Строгий с занесением

Всю ночь лил дождь. Он прекращался на несколько минут, а потом начинался с новой силой. Мы измучились на прожекторной. Плащи промокли и весили по пуду, не меньше. Дождь был ледяной, мы замерзли так, как не мерзли всю прошедшую зиму. Можно было сто раз проклинать эту погоду — но ничего нельзя было изменить. К рассвету мы дрожали, как щенята. Не сгибались замерзшие пальцы. Я вообще не чувствовал их. Тогда, когда пришлось прошагать двадцать с лишним километров, и то было легче. Мы правильно сделали, что послали Леньку на дизель. Он бы не выдержал, наверное. Даже Эрих — и тот скис к утру.
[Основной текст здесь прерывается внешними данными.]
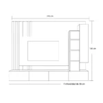 Este centro de entretenimiento presenta un diseño sofisticado y funcional, ideal para espacios contemporáneos. Su estructura integra una base con múltiples compartimentos de almacenamiento cerrados, proporcionando un aspecto ordenado y elegante. Un estante superior flotante añade una superficie adicional para la decoración o equipos electrónicos. Destaca un módulo vertical con repisas iluminadas, perfecto para exhibir objetos decorativos y libros, agregando un toque moderno y acogedor. La combinación de líneas limpias y acabados minimalistas lo convierte en una opción versátil que complementa diversos estilos de interiores.

Утром мы вкатили прожектор в гараж, и на это, должно быть, ушли последние силенки. Спать, спать, спать!.. Переодеться и спать. Но, оказалось, надо было еще растопить печку: за ночь из дома выдуло все тепло. Пусть топит Ленька. Он-то сухой и всю ночь маялся от жары. Когда работает АДГ, в «машинном», как в пустыне Сахара.
Мне положено всего четыре часа отдыха. Потом нужно снова идти в гараж и приводить в порядок прожектор. Просто моя очередь. Я проспал бы, наверно, сутки, и, когда Ложков разбудил меня, проклинал его на чем свет стоит. Просыпался с таким трудом, будто у меня вместо головы была чугунная гудящая болванка. Спать, спать… Эти четыре часа не принесли облегчения — наоборот, лучше бы вовсе не ложиться, чем проснуться таким разбитым.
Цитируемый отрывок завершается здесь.